Restless on land, Robert Turano grew up surfing in the exclusive “No Jews Allowed” enclave of Breezy Point. Five families lived in bungalows there year-round. In winter it was isolated and desolate, says B.T., “We lived like Maoris.” Early on, he recoiled from the scripted regime of marriage, military, work, debt and mortgage. Instead, he pulled a classic 4F deferment, avoided the war and wandered the world, searching for something. Most of the Beach 38th Street crew settled down locally, got married, had kids, bought houses and had jobs. As Mrs. Taska explains, “Everything seemed to blend together.” Only Jerry Amello was a dedicated lifer, travelling the world for surf, free of ties.

B.T.’s journey took a different turn. Sometimes he wonders if a more rooted life might have served him better. He ultimately finds what he needs on the East End of Long Island. Now over sixty, the former guitarist in an infamous local “Bonac Rock City” band called Chum, B.T. is also the father of Ray Doll Hummer, a Nashville rockabilly musician I proudly call my niece. Although she grew up in Hawaii, Ray Doll doesn’t surf. Hates the whole thing. I was renting a room in B.T.’s house in the summer of 2002, the summer Dee Dee Ramone died of a drug overdose. B.T. had settled in Springs, an arty fisherman’s hamlet of East Hampton, it’s glorious light made famous by Jackson Pollack and Willem DeKooning. Ray Doll and I were immersed in cosmology and cosmetology when Schemmerling came by to interview us. I was brought in as a sociologist, American by birth, Rockaway by the Grace of God.

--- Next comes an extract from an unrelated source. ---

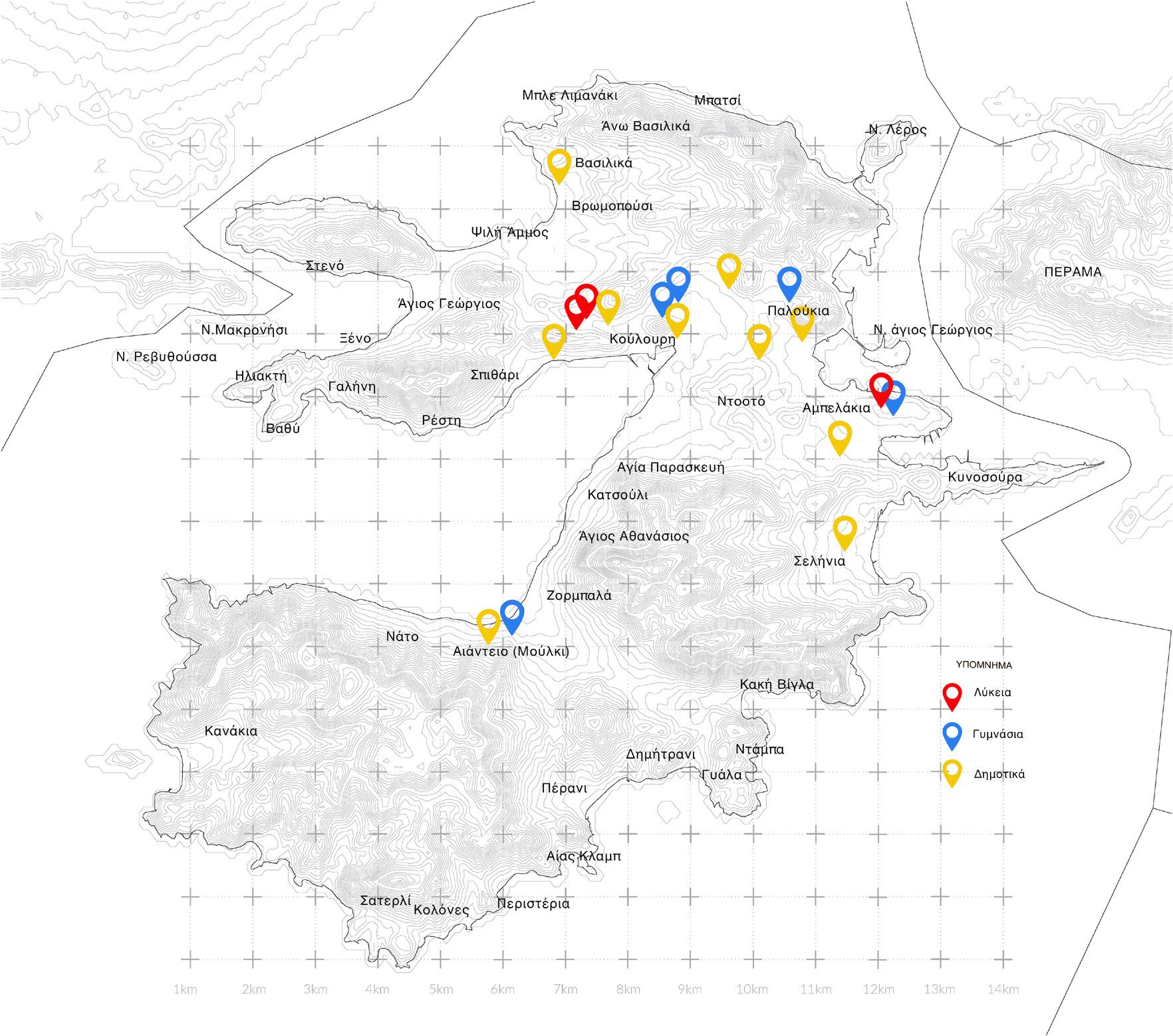Χάρτης συγκέντρωσης σχολείων Εξέλιξη πρωτογενούς τομέα εργασίας στους οικισμούς. Εξέλιξη τριτογενούς τομέα εργασίας στους οικισμούς. Πολεοδομικό κέντρο του Δήμου ορίζεται η Κούλουρη και ταυτόχρονα χωροθετούνται κάποια τοπικά κέντρα γειτονιάς σε κάθε οικισμό, χωρίς όμως να λειτουργούν στην πραγματικότητα ως κέντρα εξυπηρέτησης και αυτόνομης λειτουργίας, διότι υπάρχουν σχέσεις εξάρτησης μεταξύ των οικισμών. Συγκεκριμένα, σύμφωνα με τις συνεντεύξεις το πλησιέστερο φαρμακείο από τη Γιάλα βρίσκεται στο Αιάντειο, ενώ για τις βασικές ανάγκες σε τρόφιμα εξυπηρετούν δύο φούρνοι στη λεωφόρο της Κακή Βίγλας. Φαίνεται, λοιπόν, η ανάγκη του κάθε οικισμού από τον άλλο, μη επιτρέποντας του να αναπτυχθεί σε πιο αυτόνομο οικισμό, που θα μπορεί να εξυπηρετεί με άνεση το μόνιμο πληθυσμό, που τον συγκροτεί. Καθώς διαπιστώθηκε, ήδη, ότι οι περισσότερες υπηρεσίες του νησιού συγκεντρώνονται στην Κούλουρη, ο χάρτης κατανομής των σχολείων παρουσιάζει το ίδιο φαινόμενο συγκεντρωτισμού. Τα περισσότερα βρίσκονται στο βόρειο τμήμα της Σαλαμίνας, κυρίως στα Παλούκια και στην Κούλουρη. Στο πλαίσιο των μετασχηματισμών που προκαλεί η άυξηση του μόνιμου πληθυσμού είναι και η αναδιαμόρφωση των κυρίαρχων επαγγελματικών δραστηριοτήτων στην έκταση του νησιού. Συγκεκριμένα, η αγροτική ανάπτυξη έχει περιοριστεί εις βάρος της αστικής εξάπλωσης και της ανάπτυξης του τριτογενούς τομέα. Εφόσον, ο πληθυσός αυξάνεται η ανάγκη για περισσότερες υπηρεσίες και περισσότερη έκταση γίνεται προτεραιότητα. Επομένως, απο τα χαρτογραφικά δεδομένα παρατηρείται η μείωση της απασχόλησης στη γεωργία, την κτηνοτροφία και την αλιεία. Μάλιστα, σύμφωνα
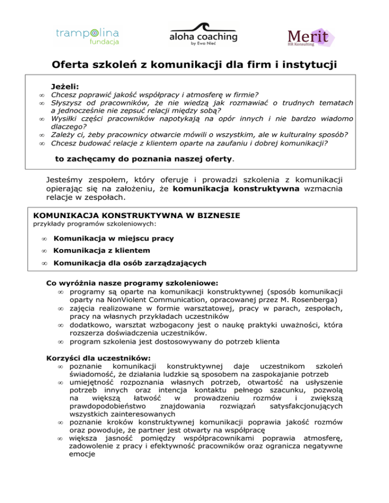 Oferta szkoleń z komunikacji dla firm i instytucji • • • • • Jeżeli: Chcesz poprawić jakość współpracy i atmosferę w firmie? Słyszysz od pracowników, że nie wiedzą jak rozmawiać o trudnych tematach a jednocześnie nie zepsuć relacji między sobą? Wysiłki części pracowników napotykają na opór innych i nie bardzo wiadomo dlaczego? Zależy ci, żeby pracownicy otwarcie mówili o wszystkim, ale w kulturalny sposób? Chcesz budować relacje z klientem oparte na zaufaniu i dobrej komunikacji? to zachęcamy do poznania naszej oferty. Jesteśmy zespołem, który oferuje i prowadzi szkolenia z komunikacji opierając się na założeniu, że komunikacja konstruktywna wzmacnia relacje w zespołach. KOMUNIKACJA KONSTRUKTYWNA W BIZNESIE przykłady programów szkoleniowych: • Komunikacja w miejscu pracy • Komunikacja z klientem • Komunikacja dla osób zarządzających Co wyróżnia nasze programy szkoleniowe: • programy są oparte na komunikacji konstruktywnej (sposób komunikacji oparty na NonViolent Communication, opracowanej przez M. Rosenberga) • zajęcia realizowane w formie warsztatowej, pracy w parach, zespołach, pracy na własnych przykładach uczestników • dodatkowo, warsztat wzbogacony jest o naukę praktyki uważności, która rozszerza doświadczenia uczestników. • program szkolenia jest dostosowywany do potrzeb klienta Korzyści dla uczestników: • poznanie komunikacji konstruktywnej daje uczestnikom szkoleń świadomość, że działania ludzkie są sposobem na zaspokajanie potrzeb • umiejętność rozpoznania własnych potrzeb, otwartość na usłyszenie potrzeb innych oraz intencja kontaktu pełnego szacunku, pozwolą na większą łatwość w prowadzeniu rozmów i zwiększą prawdopodobieństwo znajdowania rozwiązań satysfakcjonujących wszystkich zainteresowanych • poznanie kroków konstruktywnej komunikacji poprawia jakość rozmów oraz powoduje, że partner jest otwarty na współpracę • większa jasność pomiędzy współpracownikami poprawia atmosferę, zadowolenie z pracy i efektywność pracowników oraz ogranicza negatywne emocje Opis programu szkoleniowego: Komunikacja w miejscu pracy Dla kogo: przeznaczony dla zespołów, osób współpracujących ze sobą z różnych działów, zespołów projektowych Cel: podniesienie jakości i skuteczności komunikacji wewnątrz firmy Korzyści dla uczestników: • umiejętność przygotowania do trudnej rozmowy i podejścia do dialogu z szacunkiem i nastawieniem na kontakt • wiedza, w jaki sposób uzyskiwać jasność swoich potrzeb, znajdować najlepsze strategie ich zaspokojenia • uświadomienie, że odmowa nie zamyka komunikacji, ale jest szansą na jej pogłębienie • rozpoznanie sposobów konstruktywnej reakcji na krytykę, plotki, niedotrzymywanie ustaleń • wiedza, jak jasno określać zasady, dokonywać ustaleń, które będą uznawane i dotrzymywane • poznanie zasad, które ułatwią rozwiązanie konfliktowych tematów oraz uzyskanie dobrej atmosfery wspierającej efektywność pracy Program: • aktywne słuchanie: rozpoznawanie potrzeb uświadamianie uczuć wywoływanych poprzez spełnione/niespełnione potrzeby • trudne rozmowy: identyfikacja trudnych tematów metoda przygotowania się do rozmowy • rozpoczynanie rozmowy/trudne sytuacje/efekty: sposób radzenia sobie z trudną reakcją rozmówcy (np. odmowa, płacz, agresja, opór) dochodzenie do rozwiązań odpowiadających potrzebom wszystkich zainteresowanych • empatia dla siebie i dla innych jako istotny warunek dobrych relacji: omówienie czynników które wpływają na dobry kontakt przećwiczenie wypowiedzi według 4 kroków konstruktywnej komunikacji indywidualne rozpoznanie schematów komunikacyjnych, które blokują kontakt oraz zaplanowanie działań eliminujących niepożądane nawyki poznanie technik wzmacniania uważności Metody szkoleniowe: Programy są oparte na komunikacji konstruktywnej (sposób komunikacji oparty na NonViolent Communication, M. Rosenberga). Zajęcia realizowane w formie warsztatowej, pracy w parach, zespołach, pracy na własnych przykładach uczestników. Kilkuminutowa praktyka uważności wzbogaca doświadczenia uczestników. Program szkolenia jest dostosowywany do potrzeb klienta. Czas trwania: minimum 8 godzin (1 dzień szkoleniowy). Grupa maksymalnie 16 osobowa. Kontakt: Anna Han tel. 660 827 313, mail: [email protected] Opis programu szkoleniowego: Komunikacja z klientem Dla kogo: przeznaczony dla osób kontaktujących się z klientem (wewnętrznym lub zewnętrznym, bezpośrednio lub poprzez środki komunikacji) Cel: doskonalenie jasności komunikacji oraz budowanie relacji pełnych zaufania i autentyczności, opartych na identyfikowaniu prawdziwych potrzeb klienta Korzyści dla uczestników: • przećwiczenie zachowania się w trudnych sytuacjach z klientem • poznanie strategii skutecznego zarządzania relacjami • zdobycie wiedzy o zasadach konstruktywnej komunikacji, których stosowanie zwiększa szansę na kontakt, szczególnie w trudnych sytuacjach • wsparcie w budowaniu i utrzymaniu długofalowych relacji z klientem Program: • strategie budowania i utrzymywania relacji z klientem • trudne rozmowy trudne sytuacje z klientem, reklamacje • pozyskiwanie nowych klientów • empatia dla samego siebie i autentyczność jako elementy sprzyjające budowaniu zaufania • jak budować wypowiedź, żeby być łatwo zrozumiałym jakości dobrej komunikacji przygotowanie do trudnej rozmowy • przećwiczenie wypowiedzi według 4 kroków konstruktywnej komunikacji • indywidualne rozpoznanie schematów komunikacyjnych, które blokują kontakt oraz zaplanowanie działań eliminujących niepożądane nawyki • poznanie technik wzmacniania uważności Metody szkoleniowe: Programy są oparte na komunikacji konstruktywnej (sposób komunikacji oparty na NonViolent Communication, M. Rosenberga). Zajęcia realizowane w formie warsztatowej, pracy w parach, zes

Everyone in Our Hawaii recalls the day the twin towers were hit. From the shores of Rockaway, you could see the smoke bellowing, it made the air putrid. That day, B.T. worried about his pal Denny. Firefighter Dennis Farrell would never pass up the big action. B.T. sent his crew home, walked off the job, and started leaving phone messages for Denny, “ I know you’re in every fire everyone gets killed in. If you’re not in this one, please call me!” But the day dragged on. Eventually Denny did call back, he’d been in the water all day – the waves at Breezy Point were so sweet he had to surf. “Surfing saved Denny’s life,” claims a jubilant B.T. Sadly, it didn’t save every surfer’s life. Cast member, friend and Firefighter Henry Miller died when the towers fell. Schemmerling dedicated Our Hawaiito his memory.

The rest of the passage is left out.